English |  Español |  Français |  Italiano |  Português |  Русский |  Shqip

Developing a D3.js Edge

7. Data Manager API

  • Introduce the data manager
  • Build a reusable component not bound to any visual element
  • Discuss custom events

The Data Manager


 The source code is available in the code/Chapter07/. 


For our example, let's introduce the concept of a data manager. The data manager will be responsible for loading the data into the browser, applying any post-loading cleaning of the data that may be required, filtering the data based upon user interaction, and letting us know when the data is ready. The data manager also serves to demonstrate that the reusable concept can be applied to more than just graphs. It can also be used for any number of tasks that will be repeated throughout the visualization.

For our application, all of our reusable modules are namespaced under:

001:var d3Edge = {};

This will ensure that none of the modules that are introduced will conflict with other linked libraries.

To start, our first task is to setup the data manager module:

001:d3Edge.dataManager = function module() {
002:    var exports = {},
003:        dispatch = d3.dispatch('geoReady','dataReady','dataLoading'),
004:        data;
005:    d3.rebind(exports, dispatch, 'on');
006:    return exports;
007:};

Here, we have created a function under the d3Edge namespace called: dataManager. This function will return an object called exports that will contain various methods defined later. To instantiate this module in our application, simply assign the function to a new variable:

001:var zurichDataManager = d3Edge.dataManager();

In addition, we added three custom events to this module that will give us some indication of when various events in the data loading process are occurring. To accomplish this, we are using d3.dispatch to create three events: geoReady, dataReady, and dataLoading. These events are bound to the 'on' method of the exports object using d3.rebind. We can fire these events anywhere within our module at a time of our choosing by calling the dispatch function together with the name of the event.

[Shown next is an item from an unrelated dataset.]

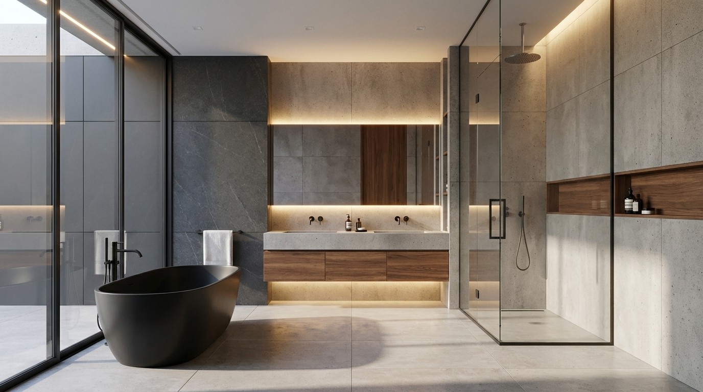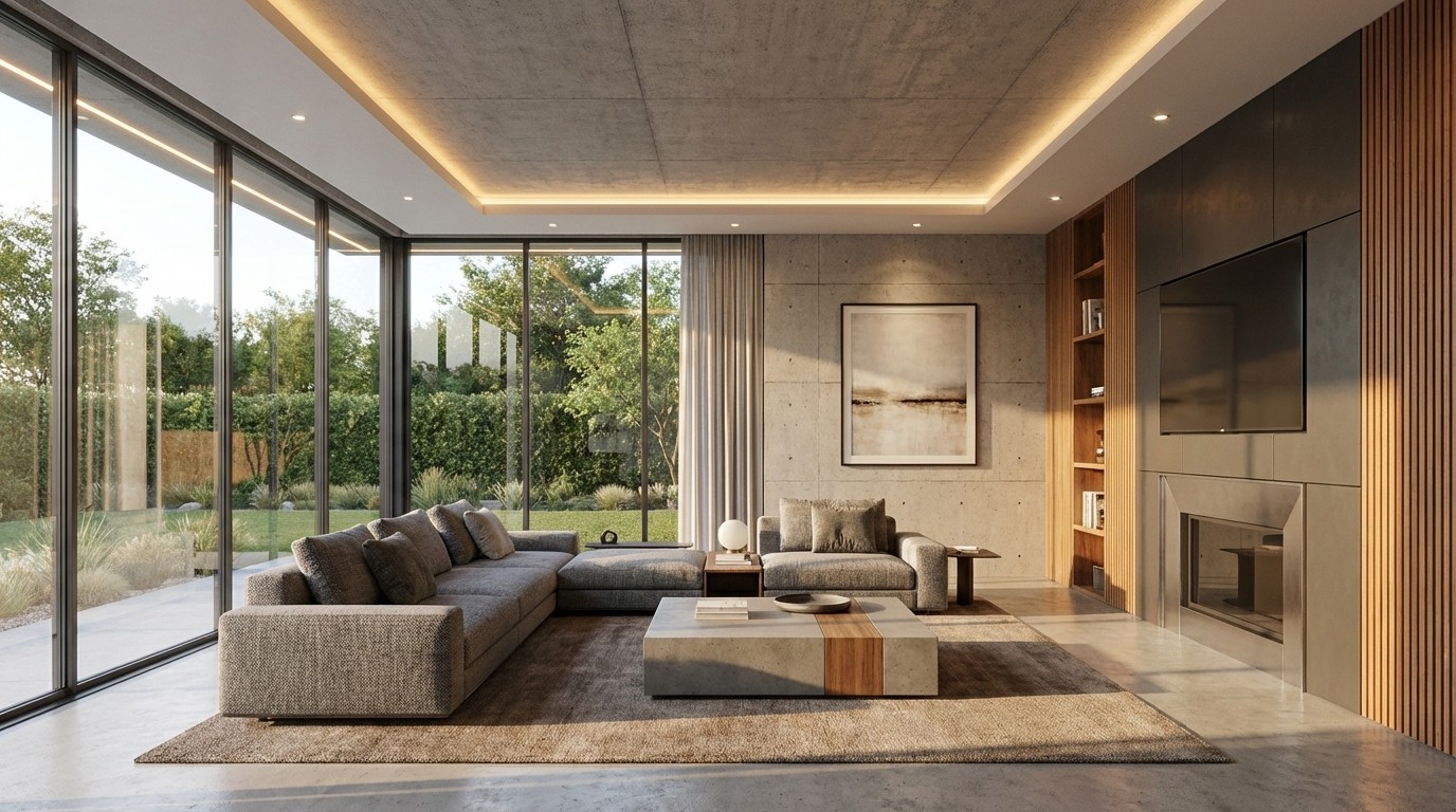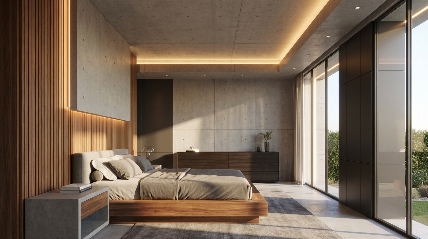 A refined material palette combines raw architectural concrete with warm vertical timber siding and dark composite panels to create textural depth. Integrated LED strip lighting accentuates the building’s geometric outlines, while frameless glass balustrades ensure an unobstructed connection with the manicured surroundings.

For instance, for the dataReady event:

001:dispatch.dataReady();

We can then listen for the event on the instantiated module like so:

001:zurichDataManager.on('dataReady'function(data) {
002:    // Do Something With The Data Here.
003:});

This sets the basic framework up for the data manager module. Now we need to create methods on our exports object that can be used by our instantiated zurichDataManager. Our first method will be to load the CSV file from the server, apply a cleaning function, and fire an event to indicate that the data is ready. In addition, we will create a simple getter method that will allow us to access the cleaned data at anytime.

001:exports.loadCsvData = function(_file, _cleaningFunc) {
002:    // Create the csv request using d3.csv.
003:    var loadCsv = d3.csv(_file);
004:    // On the progress event, dispatch the custom dataLoading event.
005:    loadCsv.on('progress'function() {
006:        dispatch.dataLoading(d3.event.loaded);
007:    });
008:    // Issue a HTTP get for the csv file, and work with the data.
009:    loadCsv.get(function (_err, _response) {
010:        // Apply the cleaning function supplied in the _cleaningFunc parameter.
011:        _response.forEach(function (d) {
012:            _cleaningFunc(d);
013:        });
014:        // Assign the cleaned response to our data variable.
015:        data =_response;
016:        // Dispatch our custom dataReady event passing in the cleaned data.
017:        dispatch.dataReady(_response);
018:    });
019:};
020://Create a method to access the cleaned data.
021:exports.getCleanedData = function () {
022:    return data;
023:};

We first create our method loadCsvData by defining it on the exports object. This method accepts two parameters: _file and _cleaningFunc. This allows us to easily pass a different file path and cleaning function for each instantiation of the module. This is important as our data sets do not always contain the same column headers, and the cleaning function must be modified to fit each data set. Once the cleaning function is asynchronously applied to the response, we assign the result to our variable data. Our method getCleanData will simply return the variable data when invoked, thus providing easy access to the cleaned data for use or inspection.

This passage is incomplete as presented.